According to the dataset of the study, the most appropriate regression models were processed on these data. Regression models include the Ridge, the Lasso, the Elastic Net, and the Precision Lasso.

Shrinkage regression models

When the number of variables p is greater than the number of observations (pn), the ordinary least square method cannot be used to estimate linear regression coefficients. Another issue is determining the number of independent variables that should be used in the model. As the number of variables increases, over-fitting occurs, and as they decrease, we may encounter under-fitting.

To solve the problem of estimating parameters in high-dimensional data in the last two decades, many methods were proposed based on the dimension reduction and the converted minimum squared error estimator. Here, four different penalty methods are described with their advantages and disadvantages.

Ridge regression model

The best way to estimate the regression model parameters, due to the lowest error, is the ordinary least square method. However, it cannot be expected minimum variance for the estimators. Therefore, we need to find a way to select the right number of estimators. The application of Ridge regression is clarified in such situations. The estimator of Ridge regression is not unbiased but has a smaller variance than the ordinary least square method. In the ridge regression model, using the constraint β2 ≤ C 2 on the parameters of the regression model, it tries to fix or reduce the sum of the squares of the parameters, so this constraint was added by the ordinary least square method.

One of the features of the Ridge regression model is that the penalty function reduces the coefficients to zero but does not make any of them zero. Of course, this does not apply to a so large λ. This feature challenges the interpretation of a model with a large number of variables [9].

Lasso regression model

The Lasso regression model provides a suitable method for modeling the response variable based on the lowest and most appropriate number of explanatory variables. This method separates the more suitable variables from the rest of the variables by providing a simpler model. That is why it is known as the Lasso method, which is a Canadian word meaning snare. In 1996, Robert Tibshirani, by using a penalty function on the sum of the absolute values of the regression model coefficients, controlled the number of parameters. In this condition, the sum of the squared estimate of errors of the Lasso model writes as follows:

$$\sum\nolimits_{i=1}^{N} \left( y_{i} - \beta_{0} - \sum\nolimits^{p}_{j=1} \beta_{j} x_{ij}\right)^{2} + \lambda \sum\nolimits_{j} \left| \beta_{j} \right|$$

λ is a regulating parameter, meaning that if its value is zero, the model will become linear regression, and all variables will be present in it. If its value increases, the number of explanatory variables in the model will decrease. One of the main goals of the Lasso is to improve the interpretation of the model by determining a smaller subset of explanatory variables that have the most effect [7].

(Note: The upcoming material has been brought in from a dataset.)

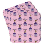 This is truly custom personalized design. You can customize almost all aspects of the design. You can customize the top and bottom text, along with the font and color. The princess' hair color, skin color, eye and even her crown and dress color can be customized. We also have a number of other princesses in our system, so you can always change out the princess. The background pattern and color customizable.

Elastic Net regression model

The Elastic Net regression model was introduced by Zu and Hasti. Elastic means flexibility. In fact, the Elastic Net model is a combination of Lasso and Ridge models and uses second degree penalties. This method is used when the Lasso cannot select the grouping variable by one category and ignore the other categories. Using this model can be useful for the dataset with high correlation [10].

Precision Lasso regression model

The regular regression model, introduced by Wang et al. as Precision Lasso proved the instability and inconsistency in the Ridge, Lasso, and Elastic Net models primarily by using a condition called irrepresentable. The condition is as follows:

$$\left|{\left({x}^{\left(2\right)}\right)}^{T}{x}^{\left(1\right)}{\left({\left({x}^{\left(1\right)}\right)}^{T}{x}^{\left(1\right)}\right)}^{-1}sign\left({\beta }^{\left(1\right)}\right)\right|<1-\eta$$

In this condition, x (1) is a set of active variables x (2) is a set of inactive variables and η is a positive constant vector.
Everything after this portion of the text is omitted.